Benchmarking with ELKI

Setup

For benchmarking, do NOT set -verbose as the verbose output will often come at cost in computation time, and verbosity varies a lot from algorithm to algorithm. Instead use -time to get timing information of the actual algorithms. To disable automatic evaluation, use -evaluator NoAutomaticEvaluation.

Fair benchmarking

ELKI much like any other system (in particular Java based systems) comes with a certain performance cost compared to highly optimized code. An optimized C implementation should be able beat any ELKI algorithm easily. Results based on highly independent implementations must be considered misleading.

When comparing different algorithms you must therefore

Many “reference” algorithms such as DBSCAN benefit immensely of index structures in low dimensional spaces and large data sets!

Therefore, we strongly encourage you to implement all comparison methods in ELKI, too. This is essentially the only way to ensure fair comparisons. If you have found a bottleneck, send us a Patch to improve it for everyone!
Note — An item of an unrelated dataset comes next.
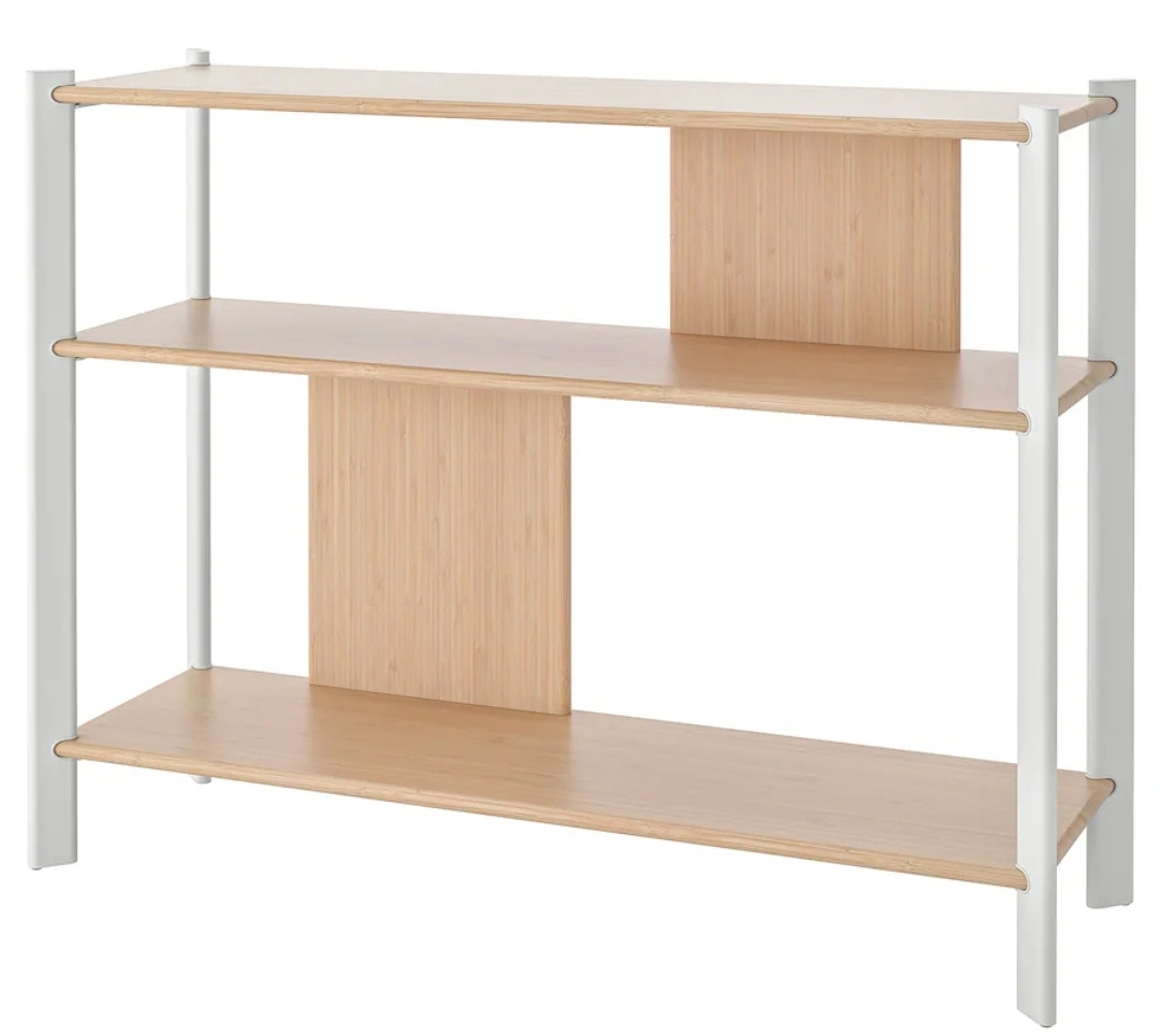 Three-shelf storage unit. White metal frame. Light wood shelves. Excellent condition. Minimalist, clean design. Perfect for living room, tv rack or home office.

Of course we try to make ELKI as fast as possible (but we will not sacrifice extendability or code readability for this).

We also strongly encourage reviewers to pay attention to fair benchmarks. Unfortunately, many articles do lack when it comes to fair experiments.

A study on the issues involved in efficiency evaluations discusses potential problems in empirical efficiency evaluations. It also compares standard algorithms in ELKI and other implementations. As a side result, this study shows that ELKI implementations are very competitive in terms of efficiency:

Hans-Peter Kriegel, Erich Schubert, Arthur Zimek:
The (black) art of runtime evaluation: Are we comparing algorithms or implementations?
Knowledge and Information Systems 2016, DOI: 10.1007/s10115-016-1004-2 [ EE (springerlink) | authorized access (Springer) ]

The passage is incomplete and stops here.